Ja. Ich weiß nicht genau warum es verboten war. Kafka ist ja auch noch nicht so ganz „entschlüsselt“ worden. Was hat er bezweckt mit seinen Werken? War er vielleicht, für damalige Begriffe, nicht ganz richtig im Kopf? Er wurde ja selbst von seiner Familie nicht verstanden. Ich denke, er hat sein kurzes Leben verarbeitet, seinen Kopf ausgeleert und das ziemlich gut. Bezweckt hat er meiner Meinung nach da gar nichts.

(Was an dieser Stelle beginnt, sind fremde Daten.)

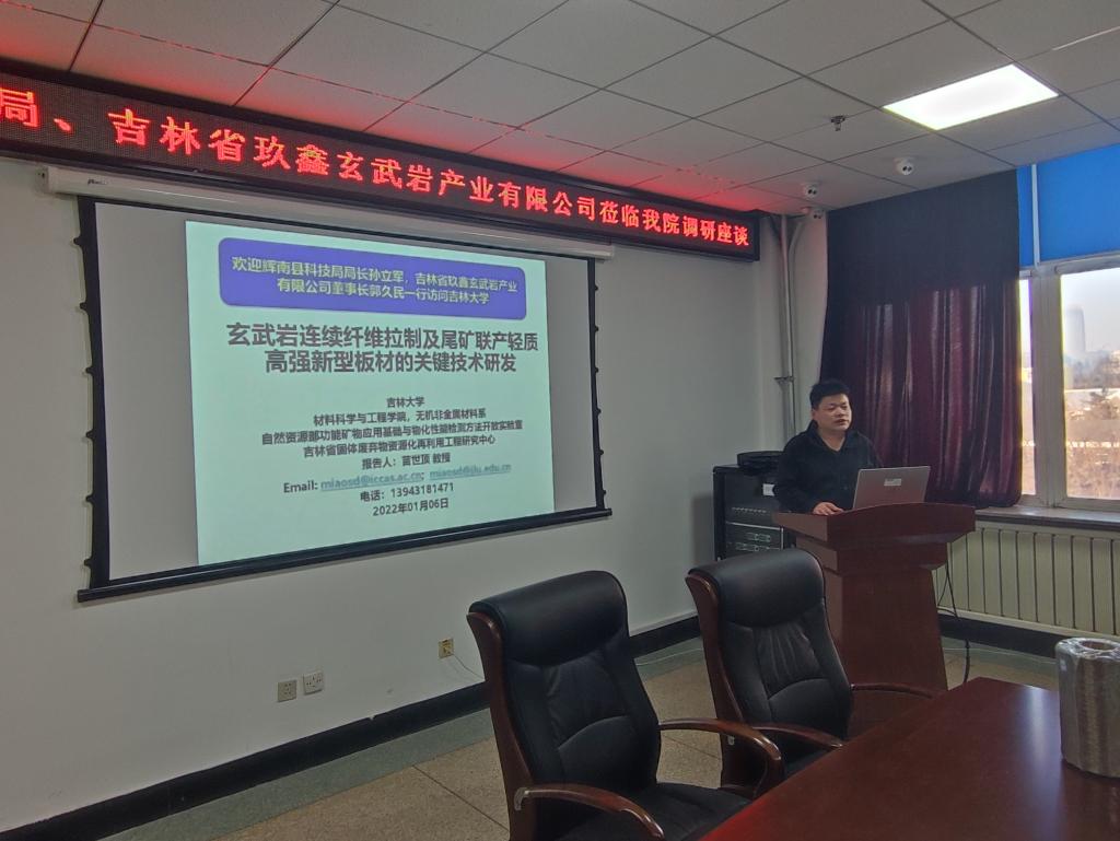 南岭校区机械材料馆410会议室举行。辉南县科技局局长孙立军、副局长张文波、吉林省玖鑫玄武岩产业有限公司董事长郭久民,日本av

Er schrieb das Meiste ja auch für die Schublade. ( Wer weiß, was für Schätze in der ein oder anderen Schublade schlummern? also bei euch ;)) )
Totale Regime haben vor allem Möglichen Angst, was auch mit Dummheit einhergeht. Da ist Fantasie nicht greifbar und gefährlich.
Also als Fazit kann ich sagen, dass ich Bücher in die Finger bekommen habe, in der Autoren ein spannendes Thema so langweilig geschrieben haben, dass ich enttäuscht war. Umgekehrt gab es vom Thema her eher langweilige Themen oder Themen, die es schon hundert Mal gab, aber die so interessant geschrieben waren, dass ich sie x mal gelesen habe - und genau da möchte ich hin. Dass ich sogar das Kühemelken interessant gestalte. Nicht desto trotz füge ich einfach mal den Anfang meines ersten Kapitel in den 90er Jahren ein:
Teil: Verliebtheit verleiht Flügel. Oder: die erste Liebe ist ein Wahnsinns-Experiment
August 1993, Alanya Kleopatra-Strand
Ich bereute es, dass ich zwar daran gedacht hatte, ein dickes Rätselheft einzupacken, aber Schreibpapier zuhause vergessen hatte. Ich schrieb wahnsinnig gerne und hatte Ideen für gefühlt sechshundert Seiten. Während ich im Meer schwamm, im Hotelpool meine Runden drehte oder mit meinen Eltern beim Essen saß, schwirrten mir die Ideen nur so durch den Kopf. Aber ich schrieb sowieso lieber am Computer. Das war ein Grund, warum ich mich wieder auf zuhause freute. Weniger freute ich mich allerdings auf die Schule, denn mir war klar, dass sich ab der siebten Klasse viel ändern würde.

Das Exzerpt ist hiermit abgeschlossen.